## PROBLEM TO SOLVE
Whenever the string "natural" appears in a line below, please copy the line out.

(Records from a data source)
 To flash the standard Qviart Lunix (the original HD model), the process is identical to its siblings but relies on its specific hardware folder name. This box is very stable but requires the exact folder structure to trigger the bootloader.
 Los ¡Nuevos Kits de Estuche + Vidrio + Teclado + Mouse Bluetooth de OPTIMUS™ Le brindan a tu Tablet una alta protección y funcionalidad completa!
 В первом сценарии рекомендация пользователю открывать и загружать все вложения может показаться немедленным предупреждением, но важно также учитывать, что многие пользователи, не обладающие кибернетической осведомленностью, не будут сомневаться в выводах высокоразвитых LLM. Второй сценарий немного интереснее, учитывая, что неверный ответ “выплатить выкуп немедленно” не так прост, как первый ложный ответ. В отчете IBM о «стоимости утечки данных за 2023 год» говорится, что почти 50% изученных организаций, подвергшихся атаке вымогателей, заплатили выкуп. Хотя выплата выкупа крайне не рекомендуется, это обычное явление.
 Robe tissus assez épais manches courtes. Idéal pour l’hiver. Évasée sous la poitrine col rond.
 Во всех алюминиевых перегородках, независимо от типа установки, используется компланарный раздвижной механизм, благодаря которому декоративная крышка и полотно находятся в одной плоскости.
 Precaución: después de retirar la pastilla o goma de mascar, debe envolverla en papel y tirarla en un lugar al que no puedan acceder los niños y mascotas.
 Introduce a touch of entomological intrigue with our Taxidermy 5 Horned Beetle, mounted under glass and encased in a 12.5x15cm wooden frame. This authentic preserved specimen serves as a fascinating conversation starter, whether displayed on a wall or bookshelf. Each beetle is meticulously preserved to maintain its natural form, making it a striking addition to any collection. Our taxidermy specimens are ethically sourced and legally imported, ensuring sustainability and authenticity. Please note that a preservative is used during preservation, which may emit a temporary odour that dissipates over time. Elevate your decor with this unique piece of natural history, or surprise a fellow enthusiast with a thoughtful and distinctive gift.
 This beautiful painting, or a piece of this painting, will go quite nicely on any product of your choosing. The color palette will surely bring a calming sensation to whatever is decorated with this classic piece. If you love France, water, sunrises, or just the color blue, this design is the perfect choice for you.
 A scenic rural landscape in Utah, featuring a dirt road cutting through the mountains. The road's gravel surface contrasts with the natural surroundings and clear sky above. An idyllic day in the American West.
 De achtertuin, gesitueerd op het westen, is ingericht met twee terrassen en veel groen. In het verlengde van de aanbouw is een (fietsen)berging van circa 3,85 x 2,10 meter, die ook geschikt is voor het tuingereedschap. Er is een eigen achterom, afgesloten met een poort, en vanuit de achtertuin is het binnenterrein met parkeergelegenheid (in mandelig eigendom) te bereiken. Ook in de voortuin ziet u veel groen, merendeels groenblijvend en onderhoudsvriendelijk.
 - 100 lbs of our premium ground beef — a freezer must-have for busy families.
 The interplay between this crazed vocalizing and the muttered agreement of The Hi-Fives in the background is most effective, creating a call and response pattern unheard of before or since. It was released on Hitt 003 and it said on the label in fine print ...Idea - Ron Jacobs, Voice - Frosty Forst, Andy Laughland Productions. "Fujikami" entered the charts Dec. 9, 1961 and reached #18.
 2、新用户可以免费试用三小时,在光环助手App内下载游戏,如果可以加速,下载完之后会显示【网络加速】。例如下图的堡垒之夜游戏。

## TASK ANSWER
 Introduce a touch of entomological intrigue with our Taxidermy 5 Horned Beetle, mounted under glass and encased in a 12.5x15cm wooden frame. This authentic preserved specimen serves as a fascinating conversation starter, whether displayed on a wall or bookshelf. Each beetle is meticulously preserved to maintain its natural form, making it a striking addition to any collection. Our taxidermy specimens are ethically sourced and legally imported, ensuring sustainability and authenticity. Please note that a preservative is used during preservation, which may emit a temporary odour that dissipates over time. Elevate your decor with this unique piece of natural history, or surprise a fellow enthusiast with a thoughtful and distinctive gift.
 A scenic rural landscape in Utah, featuring a dirt road cutting through the mountains. The road's gravel surface contrasts with the natural surroundings and clear sky above. An idyllic day in the American West.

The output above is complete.